Uri Simonsohn recently wrote a blog post in which he argues that quadratic regressions can’t be trusted for uncovering a U-shpaed or inverted U-shaped relationship. For example, the following scatterplot was generated using a log function but the quadratic regression fitted on it finds evidence for inverted U-shaped relationship.
# Data generated using the example from Uri's code from
# https://osf.io/unb62/
set.seed(9)
n = 500
x = sort(runif(n))^1.5
x2 = x * x
y = log(x) + rnorm(n, sd = 0.1)library(ggplot2)
library(dplyr)
data.frame(x, y, y_fit1 = fitted(lm1)) %>% ggplot(aes(x, y)) + geom_point() +
geom_line(aes(y = y_fit1), color = "blue") + labs(title = "Quadratic Regression Fitted on Log Data",
caption = "Data generated using the code from https://osf.io/unb62/") +
theme_bw()# Carry out quadratic regression
lm1 = lm(y ~ x + x2, data = data.frame(y, x, x2))
DT::datatable(broom::tidy(lm1) %>% mutate_each(funs(round(., 2)), -term))
In this case, quadratic regression suggests that there is an inverted U-shaped relationship because we find a significant positive coefficient on \(x\) and a significant negative coefficient on \(x^2\). However, the data generating process (dgp) was clearly logarithmic.
Simonsohn’s solution to this problem is to plot a separate line for lower values of x and a separate line for higher values of x. This sounds awfully similar to piecewise regression (AKA segmented regression). Simonsohn in his paper on SSRN argues that piecewise regression is inferior to “interrupted” regression, which he recommends. On page 24 in the paper he compares the two and shows that piecewise regression leads to incorrect inference.
I am reproducing the diagram below:
I found the figure odd when I first looked at it. This is because piecewise regression also estimates a cut point where the two lines will join. The cut point in Simonsohn’s example is too much on the right end.

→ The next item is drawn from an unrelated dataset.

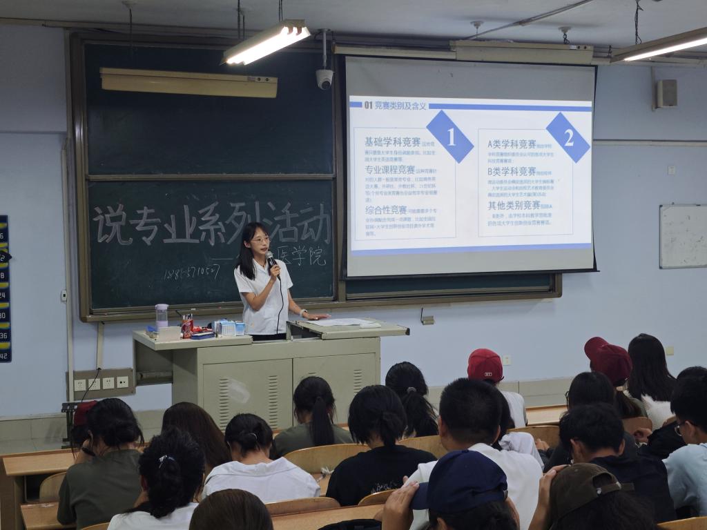 为进一步发挥朋辈榜样的示范引领作用,培养优良学风,激发学习内动力,增进同学们对专业知识和竞赛情况的了解,健康医学院于9月18日在求实楼213教室开展了一场以“竞赛筑梦,科研领航”为主题的朋辈交流活动,2024级全体本科班新生参与活动。

I went over his R code from the link given under the figure. To my surprise I found that he has hardcoded the cut point at x = 0.75! I think this is an unfair comparison because by manually setting the cut point he is not letting the method estimate the optimum cut point.

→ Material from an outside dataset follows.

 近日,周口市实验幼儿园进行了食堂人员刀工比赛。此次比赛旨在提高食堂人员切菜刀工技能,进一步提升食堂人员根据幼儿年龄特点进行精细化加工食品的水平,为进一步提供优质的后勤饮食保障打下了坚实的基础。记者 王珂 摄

In order to present a fair comparison, I used segmented package in R to let the algorithm decide the optimum cut point. If indeed we get a biased curve as shown in Simonsohn’s figure then there is a potnetial problem with piecewise regression. Otherwise I don’t see any reason to move to a different method.
library(segmented)
lm2 = lm(y ~ x, data = data.frame(x, y))
seg2 <- segmented(lm2, seg.Z = ~x)
data.frame(x, y, yfit = fitted(seg2)) %>% ggplot(aes(x, y)) + geom_point() +
geom_line(aes(x, yfit), color = "red", size = 1) + theme_bw()When we let the model pick the cut point, it chose a point much more to the left of original cut point! And we clearly don’t get an inverted U-shaped relationship. I would love to see any example where piecewise model indeed gives biased results and Simonsohn’s “Robin Hood procedure” leads to a better inference.